Corel in Bed With Microsoft

Shares of Corel rocketed 57% following news that
Microsoft would pocket a 25% stake in the
struggling Ottawa-based software developer. Redmond’s eight hundred pound
gorilla will buy 24 million non-voting convertible preferred shares for
nearly $135 million, or about five and a half bucks a pop. What was a
substantial premium paid prior to the announcement ended the following
trading day at a discount as investors loudly cheered news of the deal.

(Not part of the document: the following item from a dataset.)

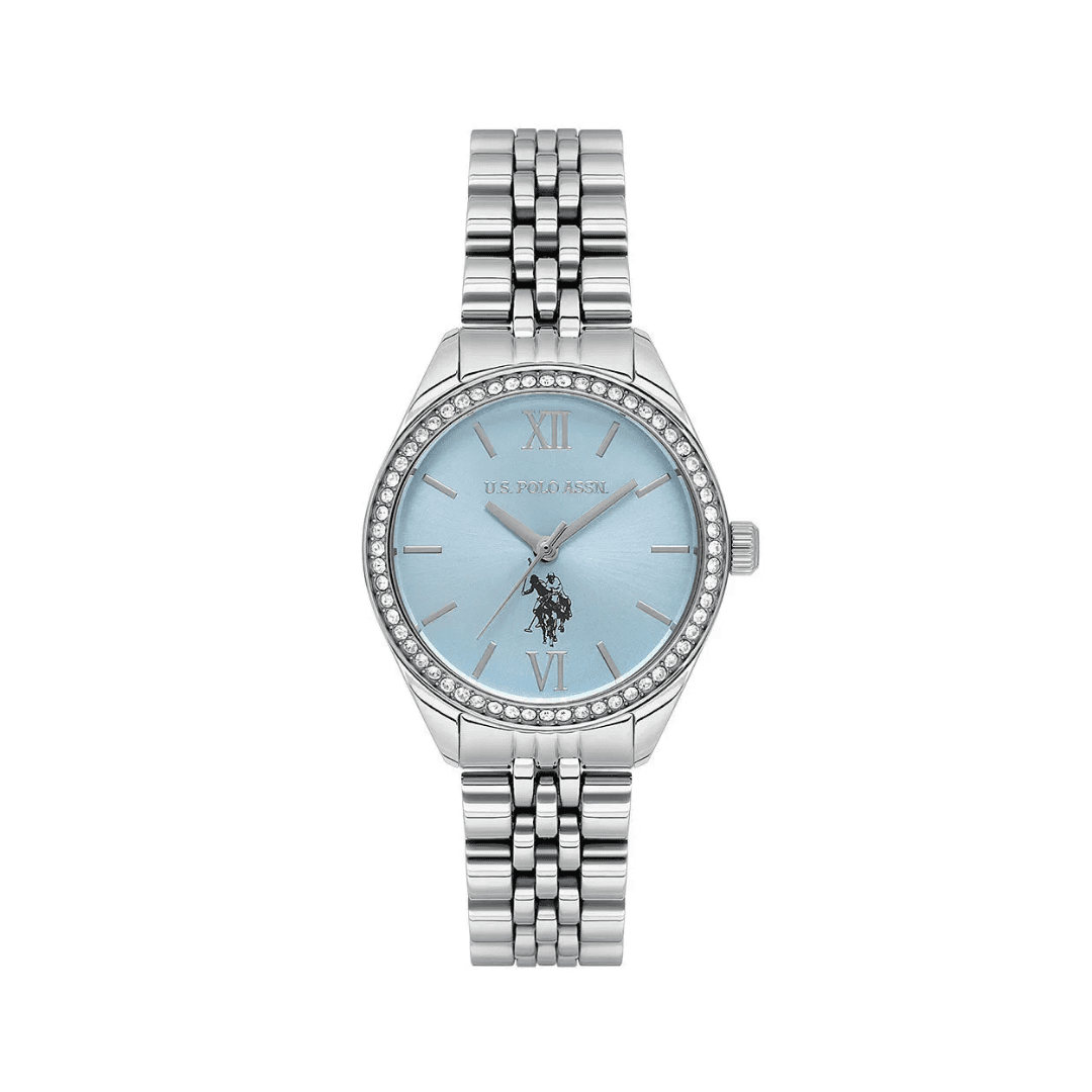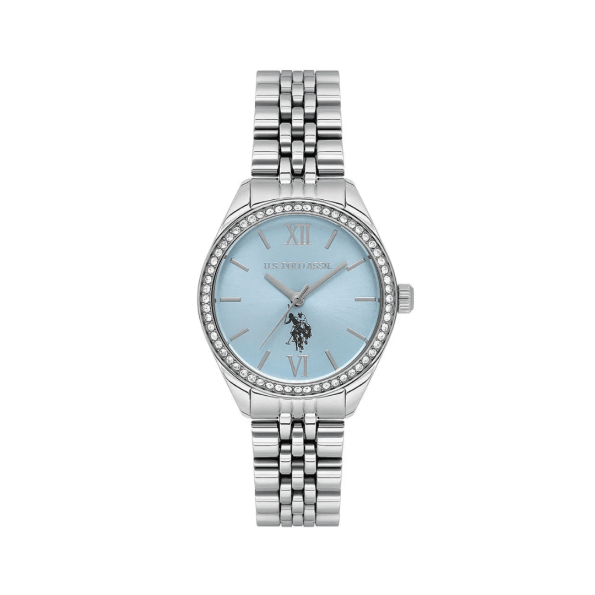 The USPA2085-03 is a stylish women’s timepiece that combines elegance with everyday functionality. Its 30 mm round silver-tone stainless steel case houses a sky-blue analog dial, offering a vibrant contrast. The watch is powered by quartz movement and protected by mineral crystal glass. The silver-tone bracelet strap ensures comfort and durability, making it suitable for daily wear. With a 3 ATM water resistance, it can withstand light splashes but is not suitable for swimming or bathing. The design includes no chronograph or date display, maintaining a clean and timeless aesthetic.

The terms of the agreement remain shrouded in pseudo-secrecy, but early
indications have Corel hopping on Microsoft’s .NET bandwagon where the pair
will jointly develop applications for the new platform. There’s much
speculation swirling that this latest move by Softie stems from an interest
in keeping a potential competitor afloat while it navigates through the
antitrust appeals process. While that reasoning may seem plain as day, I
doubt highly that it’s a key motivator for the software giant, nor will it
factor in materially during appeals. Microsoft surely has an agenda, but
what it is ain’t exactly clear.


One thing that is noteworthy is the comparisons one can draw between this
latest investment and Microsoft’s similar surprise $150 million stake in
Apple Computer three years ago. Then-interim-CEO
Steve Jobs’ inaugural steps toward leading discouraged Apple investors to
the promise-land was to turn its most bitter enemy into an ally. Burying
the hatchet with billionaire-Bill tied a rabbit’s foot around Apple’s
stock, rewarding investors handsomely. And you can hardly blame Corel
shareholders for getting almost giddy at the prospects of a repeat
performance.


Some skeptics of the deal and Microsoft in general will be waiting for the
other shoe to fall. That may indeed materialize, but being cash-strapped
makes for strange bedfellows, and after Corel’s ongoing fight for survival
and highly publicized difficulties, this cash infusion can only be a
win-win. Anyone who tells you different should try telling that to the
company’s shareholders who just last week were making preparations to use
their stock certificates to line the catbox. Former CEO Michael Cowpland’s
abrupt departure, dwindling cash reserves, and mounting losses all but
sealed Corel’s fate – until now.


After Cowpland exited his role as top banana, Corel bumped Derek Burney up
to interim president and CEO. They say necessity is the mother of all
invention, and if Corel’s latest quarterly results are any indication,
truer words were never spoken. The company steamrolled consensus forecasts
late last month, delivering a narrower-than-expected loss, showing a real
effort to tighten the belt and bring spending under control. Following the
Microsoft announcement this week, the company dropped the interim from
Burney’s job title while rewarding four of his colleagues with executive
vice president roles. For the boo-birds who counted Corel out – stick
around – things are just getting interesting.